Both collections were developed by M2, thus carrying the quality in emulation and extra features that M2 is known for. By what I can tell, emulation is perfect, so that all you’d need for that arcade experience is to plug it into an ultra-widescreen cabinet. Both collections feature two modes that you can play the games in: Normal or Trainer/Special; Console versions might be slightly easier, but if you haven’t played these kinds of games in a while, you’ll need to give it some practice regardless.

The available options are a nice touch; In both editions, you can adjust the screen in a few different ways to manipulate the size and appearance of the image (smoothing & scanlines available for the latter). You can also save progress and see where you stand on the worldwide leaderboards. You can also upload/download replay data, allowing you to watch some impressive runs among the top players.

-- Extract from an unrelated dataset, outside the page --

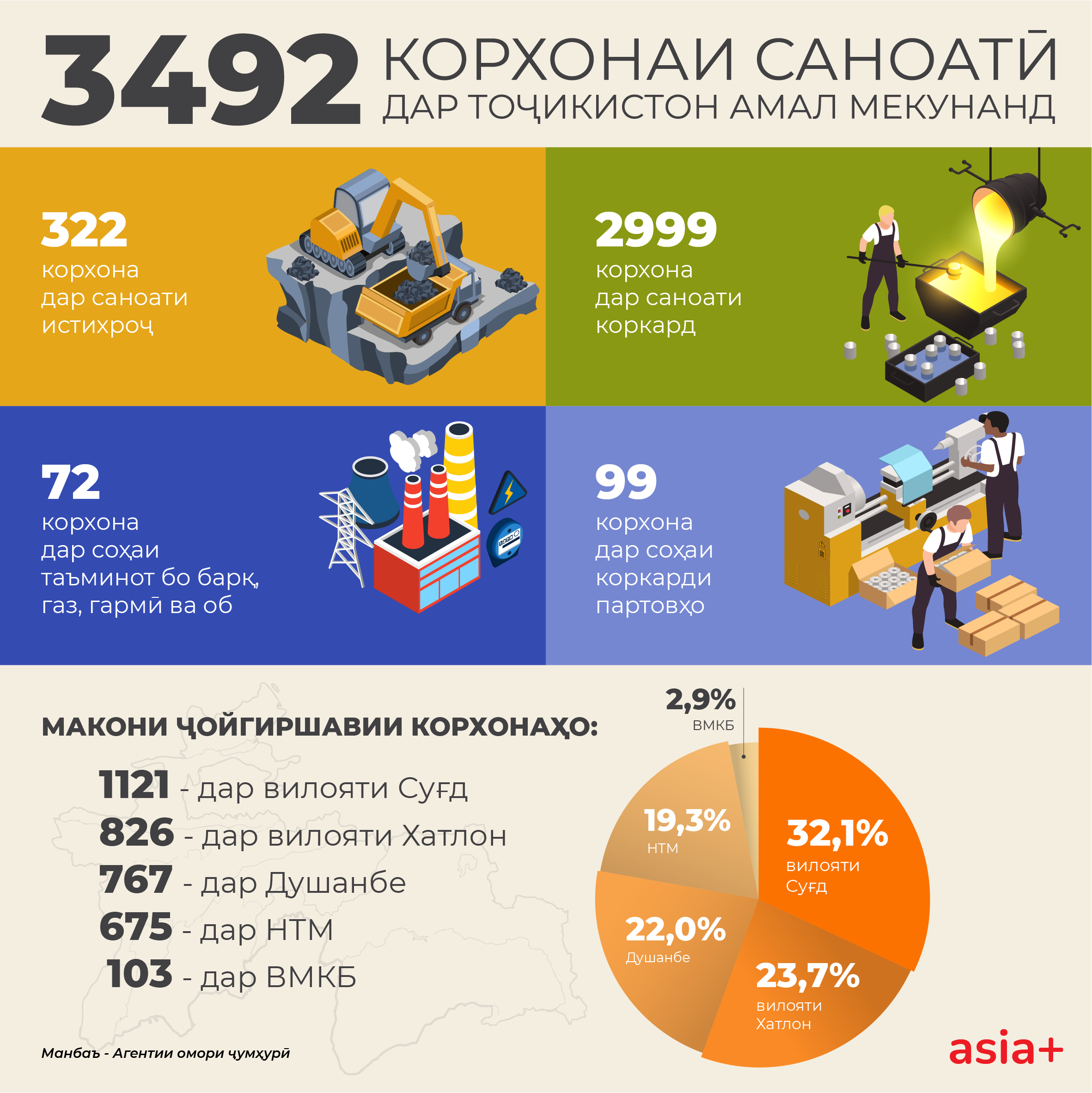 Айни ҳол ҳиссаи саноат дар ММД Тоҷикистон 16,2%-ро ташкил дода, аз рӯи ин нишондиҳанда нисбат ба бахши кишоварзӣ ва соҳаи хидматасонӣ ҳиссааш камтар мебошад.

Don’t let that discourage you though – use it to better learn the game!

I have been playing this on the Nintendo Switch, where the Arcade Collection makes occasional use of the HD Rumble feature. It is only used during the boss battles on the first two games, being oddly absent in Darius Gaiden. The effect is ok, but all it seems to do is constantly shake the controller like you are feeling he rumble of the boss in the vicinity. This seems to be a way to try and recreate the bass sound integrated into the arcade versions that would cause the entire cabinet to rumble, but that would occur for every bassy explosion. This is one place where they could have expanded on, but it’s not big deal.

Overall I’d give both the Arcade & Console Collections two thumbs up. Recommending it for Darius fans goes without saying, but it’s also worth it if you enjoy STGs in general, or if you are the type of gamer that seeks out challenges to hone your gaming skills.